- PROBLEM DESCRIPTION:
After locating "광주광역시(시장 강기정)는 일(1)하는" in the listing below, copy that line and each one after it exactly, ending with the line that has "Brandin Podziemski Golden".

- EXERCISE INPUT:
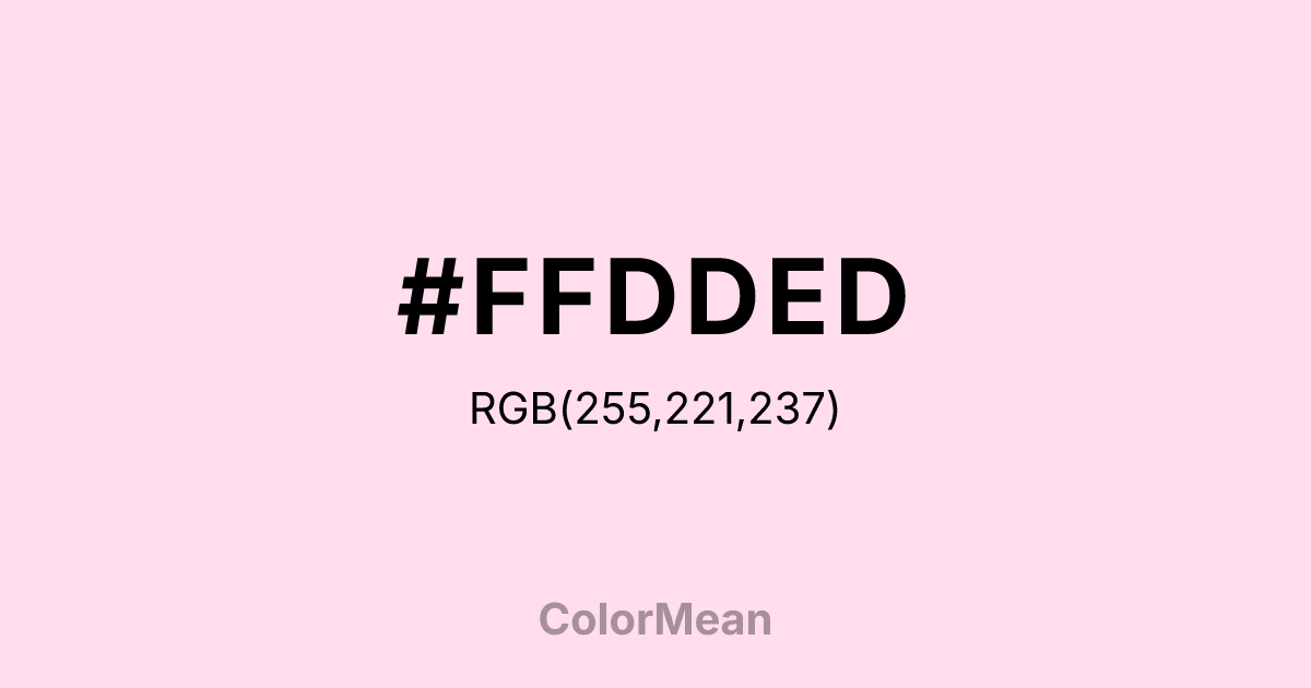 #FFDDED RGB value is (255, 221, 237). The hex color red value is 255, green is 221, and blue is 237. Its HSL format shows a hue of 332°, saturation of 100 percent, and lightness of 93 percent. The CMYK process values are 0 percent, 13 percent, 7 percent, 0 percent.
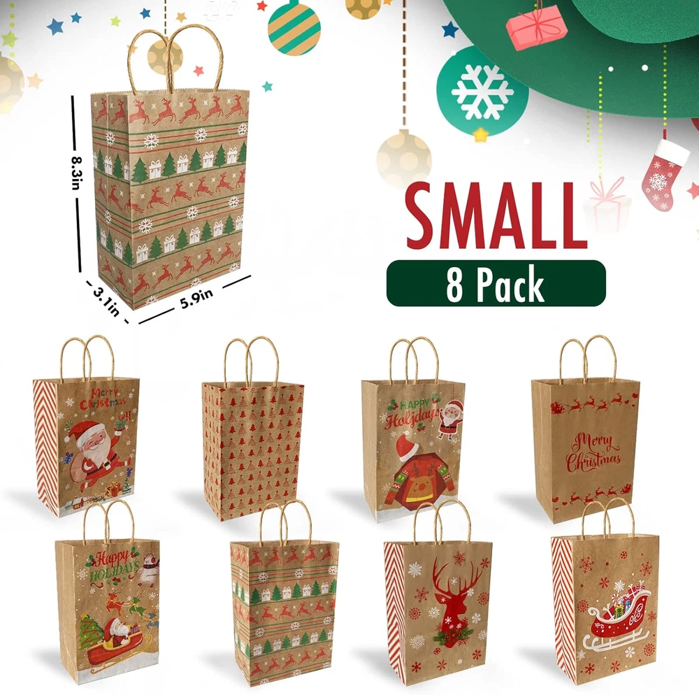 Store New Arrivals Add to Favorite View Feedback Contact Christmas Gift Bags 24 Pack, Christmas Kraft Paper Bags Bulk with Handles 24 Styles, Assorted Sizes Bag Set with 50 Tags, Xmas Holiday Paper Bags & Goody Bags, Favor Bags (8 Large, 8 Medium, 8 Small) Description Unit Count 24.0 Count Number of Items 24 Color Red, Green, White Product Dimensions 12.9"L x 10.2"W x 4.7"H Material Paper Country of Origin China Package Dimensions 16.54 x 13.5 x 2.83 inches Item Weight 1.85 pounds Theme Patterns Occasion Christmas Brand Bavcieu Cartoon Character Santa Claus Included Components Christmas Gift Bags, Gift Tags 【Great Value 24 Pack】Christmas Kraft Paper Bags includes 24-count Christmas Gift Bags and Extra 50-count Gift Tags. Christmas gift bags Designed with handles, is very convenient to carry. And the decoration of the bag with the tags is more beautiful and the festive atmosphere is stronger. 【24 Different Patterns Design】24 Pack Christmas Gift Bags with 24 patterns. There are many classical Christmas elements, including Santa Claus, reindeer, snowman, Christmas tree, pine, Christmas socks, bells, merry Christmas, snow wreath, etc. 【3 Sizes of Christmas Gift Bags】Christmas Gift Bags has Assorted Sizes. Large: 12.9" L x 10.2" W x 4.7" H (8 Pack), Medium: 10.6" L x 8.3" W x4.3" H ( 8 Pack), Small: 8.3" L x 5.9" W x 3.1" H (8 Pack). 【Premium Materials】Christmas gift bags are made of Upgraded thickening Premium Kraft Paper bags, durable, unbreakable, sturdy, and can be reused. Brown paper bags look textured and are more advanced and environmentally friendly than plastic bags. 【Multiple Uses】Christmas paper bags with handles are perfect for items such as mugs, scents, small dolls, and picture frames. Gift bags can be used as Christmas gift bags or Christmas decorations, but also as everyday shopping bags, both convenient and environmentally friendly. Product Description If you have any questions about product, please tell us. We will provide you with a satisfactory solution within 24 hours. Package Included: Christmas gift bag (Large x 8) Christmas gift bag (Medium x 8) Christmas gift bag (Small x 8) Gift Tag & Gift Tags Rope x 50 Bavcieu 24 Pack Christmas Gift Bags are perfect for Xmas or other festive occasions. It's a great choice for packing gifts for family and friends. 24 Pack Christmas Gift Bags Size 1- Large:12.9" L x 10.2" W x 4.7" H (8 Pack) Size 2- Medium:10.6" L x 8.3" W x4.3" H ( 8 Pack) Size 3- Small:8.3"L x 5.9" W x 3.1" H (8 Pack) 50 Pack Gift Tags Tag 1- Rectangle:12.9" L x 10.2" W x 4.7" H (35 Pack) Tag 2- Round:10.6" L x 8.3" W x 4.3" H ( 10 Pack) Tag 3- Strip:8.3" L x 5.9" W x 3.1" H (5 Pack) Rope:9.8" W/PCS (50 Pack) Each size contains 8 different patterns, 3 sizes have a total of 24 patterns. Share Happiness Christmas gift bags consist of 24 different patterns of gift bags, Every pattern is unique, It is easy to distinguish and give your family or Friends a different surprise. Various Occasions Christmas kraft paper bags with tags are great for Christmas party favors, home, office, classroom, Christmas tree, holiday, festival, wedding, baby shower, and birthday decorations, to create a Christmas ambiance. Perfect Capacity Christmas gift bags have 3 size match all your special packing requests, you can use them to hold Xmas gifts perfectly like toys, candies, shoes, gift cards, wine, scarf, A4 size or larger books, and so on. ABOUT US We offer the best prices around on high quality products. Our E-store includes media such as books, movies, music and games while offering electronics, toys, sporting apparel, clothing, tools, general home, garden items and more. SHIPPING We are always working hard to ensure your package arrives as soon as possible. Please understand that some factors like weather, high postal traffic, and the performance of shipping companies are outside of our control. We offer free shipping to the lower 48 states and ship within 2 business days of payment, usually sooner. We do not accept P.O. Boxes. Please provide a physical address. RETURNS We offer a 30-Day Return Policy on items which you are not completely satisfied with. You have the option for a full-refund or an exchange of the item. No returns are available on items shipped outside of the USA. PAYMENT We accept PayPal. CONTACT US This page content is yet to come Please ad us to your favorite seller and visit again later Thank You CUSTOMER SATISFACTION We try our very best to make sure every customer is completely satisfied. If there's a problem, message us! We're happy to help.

...

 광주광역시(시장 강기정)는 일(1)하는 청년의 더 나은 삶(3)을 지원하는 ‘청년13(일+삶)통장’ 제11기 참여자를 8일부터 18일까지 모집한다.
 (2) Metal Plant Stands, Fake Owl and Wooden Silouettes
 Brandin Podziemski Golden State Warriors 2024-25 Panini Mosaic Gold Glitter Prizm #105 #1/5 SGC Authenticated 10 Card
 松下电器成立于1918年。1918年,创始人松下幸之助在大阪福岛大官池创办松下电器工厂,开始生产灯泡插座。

==

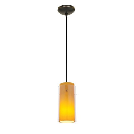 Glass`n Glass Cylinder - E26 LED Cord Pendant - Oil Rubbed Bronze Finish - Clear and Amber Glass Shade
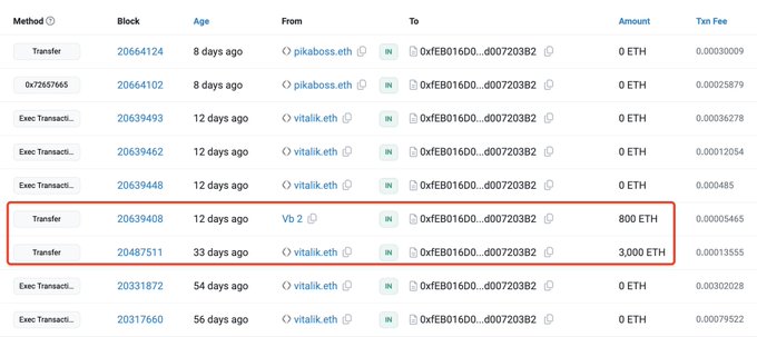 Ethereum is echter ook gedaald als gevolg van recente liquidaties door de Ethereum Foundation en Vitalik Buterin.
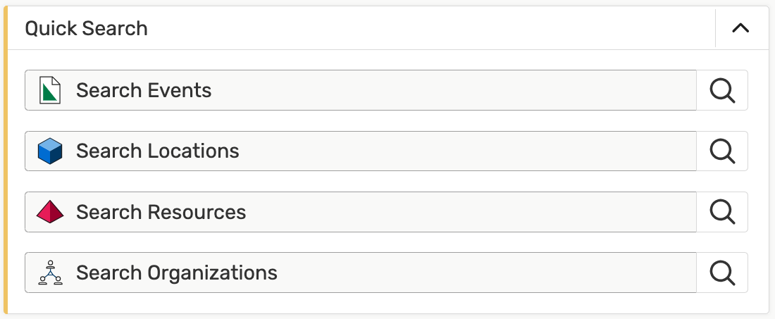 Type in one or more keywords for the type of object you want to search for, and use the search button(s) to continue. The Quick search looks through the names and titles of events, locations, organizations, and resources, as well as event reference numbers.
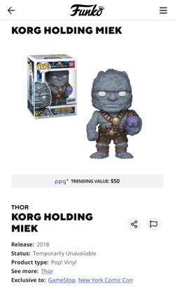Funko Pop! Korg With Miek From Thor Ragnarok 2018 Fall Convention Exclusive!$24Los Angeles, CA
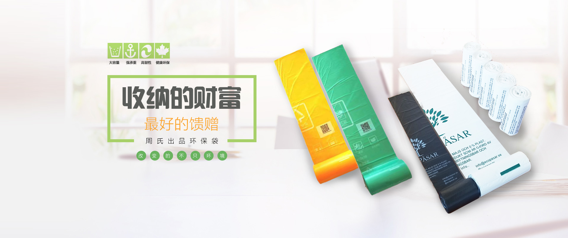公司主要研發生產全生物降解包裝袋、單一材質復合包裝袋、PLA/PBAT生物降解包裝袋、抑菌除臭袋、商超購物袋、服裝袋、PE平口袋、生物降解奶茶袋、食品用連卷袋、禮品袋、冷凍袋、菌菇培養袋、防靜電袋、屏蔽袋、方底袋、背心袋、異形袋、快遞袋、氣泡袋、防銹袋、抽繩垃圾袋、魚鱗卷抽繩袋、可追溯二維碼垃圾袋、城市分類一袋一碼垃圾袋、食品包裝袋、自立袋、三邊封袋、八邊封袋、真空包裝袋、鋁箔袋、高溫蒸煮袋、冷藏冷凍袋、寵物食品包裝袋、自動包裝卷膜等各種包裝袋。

- RESULT OF THE EXERCISE:
 광주광역시(시장 강기정)는 일(1)하는 청년의 더 나은 삶(3)을 지원하는 ‘청년13(일+삶)통장’ 제11기 참여자를 8일부터 18일까지 모집한다.
 (2) Metal Plant Stands, Fake Owl and Wooden Silouettes
 Brandin Podziemski Golden State Warriors 2024-25 Panini Mosaic Gold Glitter Prizm #105 #1/5 SGC Authenticated 10 Card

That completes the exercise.